Express and Define Your Goals
- robert porter
- Apr 1, 2022
- 2 min read
Back to “success”. Once you’ve identified what success means to you, you can settle down and define your goals.
Goals may be many and varied and can relate to hobbies and wellbeing (and other things) as well as to career-orientated success. For instance, my success goals currently are:
· Have a screenplay sold and produced
· Lose five kilos and smarten up a bit
· Win a bagpiping competition.
That’s not all to do with career, as you can see. Moreover, goals can change over time, and some goals are medium-term rather than long-term. For instance, my goals I cited above are all medium-term goals.

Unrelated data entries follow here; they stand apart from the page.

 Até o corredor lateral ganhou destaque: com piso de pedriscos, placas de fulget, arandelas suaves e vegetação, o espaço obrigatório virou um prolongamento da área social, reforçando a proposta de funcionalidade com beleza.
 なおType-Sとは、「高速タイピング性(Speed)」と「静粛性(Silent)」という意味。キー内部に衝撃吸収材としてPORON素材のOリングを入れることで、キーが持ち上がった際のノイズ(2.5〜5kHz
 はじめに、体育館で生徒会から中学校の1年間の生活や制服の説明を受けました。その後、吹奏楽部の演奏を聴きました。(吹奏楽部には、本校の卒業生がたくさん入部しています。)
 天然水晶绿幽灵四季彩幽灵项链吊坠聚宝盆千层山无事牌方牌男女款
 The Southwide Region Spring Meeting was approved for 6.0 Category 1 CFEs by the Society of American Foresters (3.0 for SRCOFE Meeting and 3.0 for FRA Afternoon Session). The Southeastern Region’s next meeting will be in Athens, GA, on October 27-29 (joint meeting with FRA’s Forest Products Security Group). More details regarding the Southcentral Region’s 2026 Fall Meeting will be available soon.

My long-term goals might be:
· Establish myself as a successful working screenwriter
· Develop and grow a successful blog
· Become a well-respected bagpiper
· Live a happy, contented life.
Goals may also be superseded once they are achieved. For instance, until last December my medium-term screenwriting goal was:
· Have a screenplay optioned.
That has now been replaced, as you can see.

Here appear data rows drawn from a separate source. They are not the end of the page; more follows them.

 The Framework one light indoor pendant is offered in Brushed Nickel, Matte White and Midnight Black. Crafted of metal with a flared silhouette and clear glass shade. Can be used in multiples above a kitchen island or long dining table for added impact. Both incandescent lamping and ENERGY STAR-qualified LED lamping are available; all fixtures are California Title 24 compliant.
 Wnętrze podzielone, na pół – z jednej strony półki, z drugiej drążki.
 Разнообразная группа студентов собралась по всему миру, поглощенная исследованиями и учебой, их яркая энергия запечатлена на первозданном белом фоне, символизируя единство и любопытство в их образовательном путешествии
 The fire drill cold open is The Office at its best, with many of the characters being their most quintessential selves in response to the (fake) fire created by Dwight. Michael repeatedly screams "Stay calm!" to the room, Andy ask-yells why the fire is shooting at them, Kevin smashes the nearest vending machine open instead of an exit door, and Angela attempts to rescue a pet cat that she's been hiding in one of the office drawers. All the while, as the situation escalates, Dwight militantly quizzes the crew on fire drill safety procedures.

There is a fine balance between being visionary and realistic when refining your goals. For instance, if you are an octogenarian built like a rugby prop forward you are unlikely to win an Olympic gold medal in the ten thousand meters. While your goals shouldn’t be unachievable, it’s okay, though, to stretch yourself. For instance, if you are afraid of heights one of your hobby goals might be to take up rock climbing and complete a challenging ascent. Just don’t be stupid about it. It might be one thing, for instance, to choose to study for a law degree in your fifties if you have the relevant capabilities; but quite another to take up astrophysics in your fifties if you are no good at maths and physics.
It's a balance.
Finally, do you see how long-term goals are just a little vaguer and more ephemeral than medium-term goals? That's to be expected, they are still in the distance as you perceive them on the horizon. They will sharpen up as you get closer to achieving them and they come into enhanced perspective. Eventually bits of them will refine into medium-term goals. Nevertheless, you should always have long-term goals: it keeps the achievement arc healthy and constantly refining and defines a direction of travel.
Get your notebook out and start refining your goals. And don’t be afraid to brainstorm. You might be surprised at what emerges from the gloaming.